A diplomacia patética
Aldo Rebelo*
“UM DIPLOMATA NÃO SERVE A UM REGIME E SIM AO SEU PAÍS”.
(Barão do Rio Branco)
O teólogo e pensador norte-americano Reinhold Niebuhr (1892-1971), ao analisar os fatos históricos e como eles são organizados, classificou-os em três categorias: os trágicos, os irônicos e os patéticos.
Por trágicos, definiu aqueles associados ao sofrimento e à dor dos homens na eterna busca da liberdade; os irônicos, como consequência do conflito entre o mal produzido mesmo quando o esforço humano busca o bem; e os patéticos, criados pela incapacidade do homem de controlar e explicar seus próprios atos e seus resultados.

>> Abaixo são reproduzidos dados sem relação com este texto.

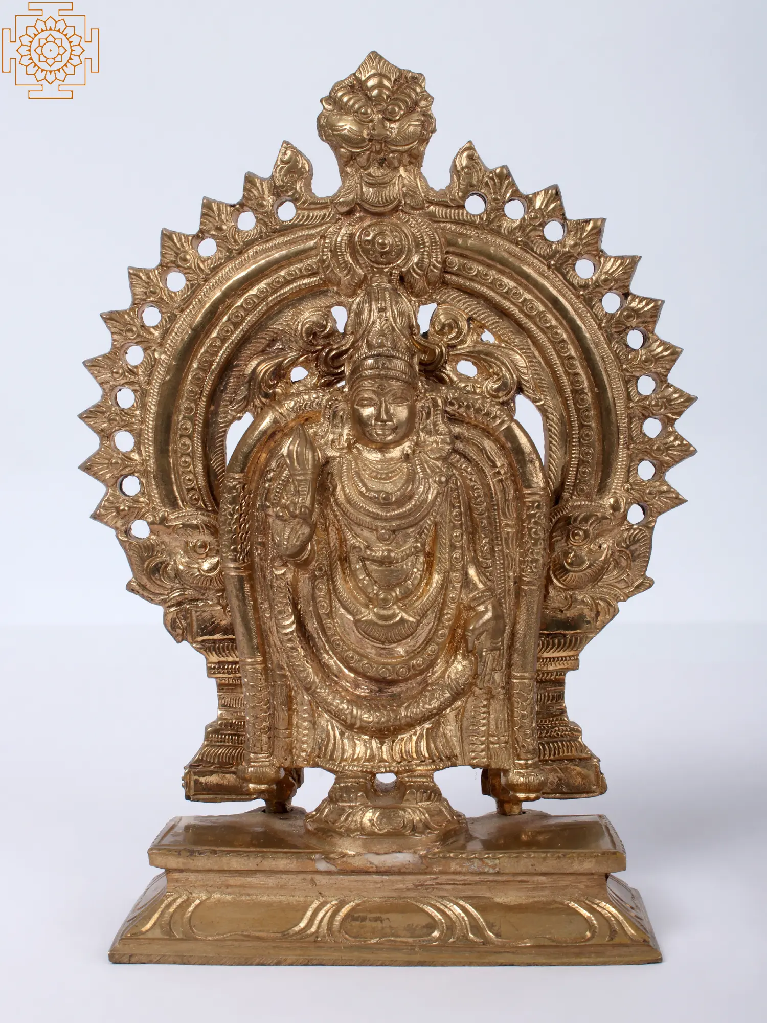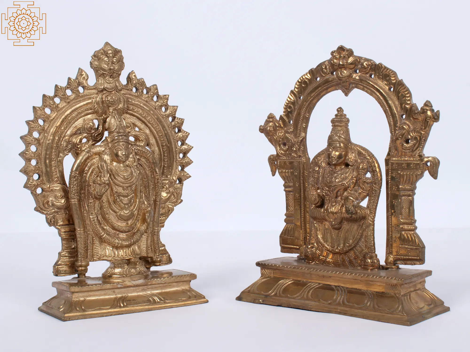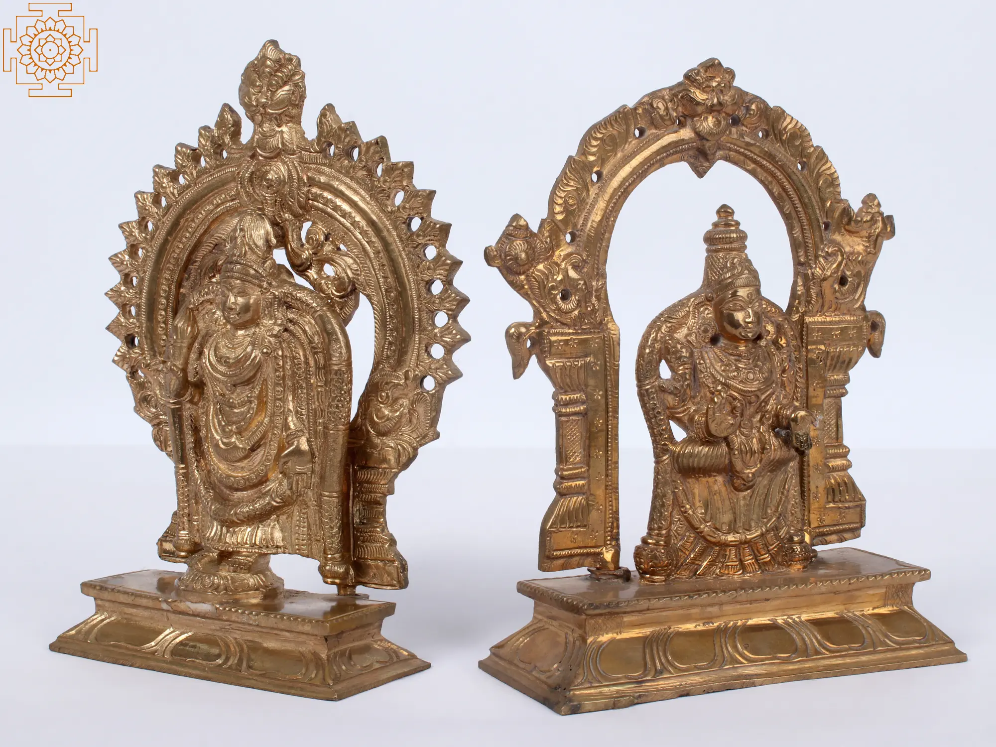 This bronze statue is a reflection of the deep-rooted devotional practices and the enduring artistic traditions of South India. Each element, from the delicate detailing of the deities' attire to the symbolic motifs present in the base and the surrounding arch, is imbued with religious significance. The warm, lustrous patina of the bronze adds to its timeless appeal, making it a treasured heirloom for generations to come. Placing this statue in your home or sacred space is an invitation for divine grace, prosperity, and spiritual peace. It serves as a constant reminder of the divine presence that watches over and blesses us, fostering an environment of harmony and well-being. This piece is not merely a decorative item but a profound expression of faith and a connection to the ancient spiritual lineage.

Niebuhr foi redescoberto quando o ex-presidente Barack Obama revelou que ele era uma de suas mais importantes influências e leitura habitual.
Ao analisarmos os fatos recentes produzidos pela diplomacia brasileira não há como, à luz da classificação de Niebuhr, deixar de enquadrá-los na categoria dos fenômenos patéticos.

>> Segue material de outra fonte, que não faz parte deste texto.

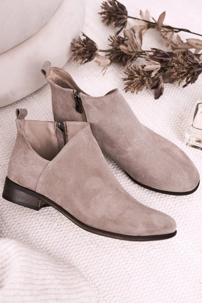 Damskie Botki Z Wycięciem Zamszowe Cappuccino Clarence

Celebrada por sua tradição de competência e eficácia, a diplomacia brasileira herdou de sua matriz portuguesa a excelência em administrar grandes conflitos. O Tratado de Madrid (1750), também conhecido como Tratado dos Limites, é um exemplo da sofisticação da diplomacia que já podíamos qualificar de luso-brasileira, por ser brasileiro Alexandre de Gusmão, o negociador em nome de Portugal, e por ser brasileiro também o interesse envolvido na demarcação das fronteiras da ainda colônia portuguesa que viria a se tornar o Brasil.
José Bonifácio de Andrada e Silva (1763-1838); Paulino José de Sousa, visconde do Uruguai (1807-1866); José Maria da Silva Paranhos, visconde do Rio Branco (1819-1880); Ruy Barbosa (1849-1923); José Maria da Silva Paranhos Júnior, Barão do Rio Branco (1845-1912), e Ramiro Saraiva Guerreiro (1918-2011), diplomatas-estadistas, construíram a reputação de uma diplomacia respeitável e vitoriosa aos olhos do mundo.
José Bonifácio, o Patriarca, teceu o reconhecimento de nossa Independência e fincou as fundações de uma diplomacia prudente e altruísta. O visconde do Uruguai e o visconde do Rio Branco protegeram os interesses pátrios no convulsionado estuário do rio Prata. Ruy Barbosa fez do Brasil protagonista consagrado na célebre Conferência de Haia, em 1907. O barão do Rio Branco solucionou pacificamente todas as reivindicações de fronteiras envolvendo nossos vizinhos. Saraiva Guerreiro orientou o discurso do primeiro presidente brasileiro, João Figueiredo, na Assembleia Geral da ONU, em 1982, de equidistância no mundo bipolar dividido em áreas de influência dos Estados Unidos e da União Soviética.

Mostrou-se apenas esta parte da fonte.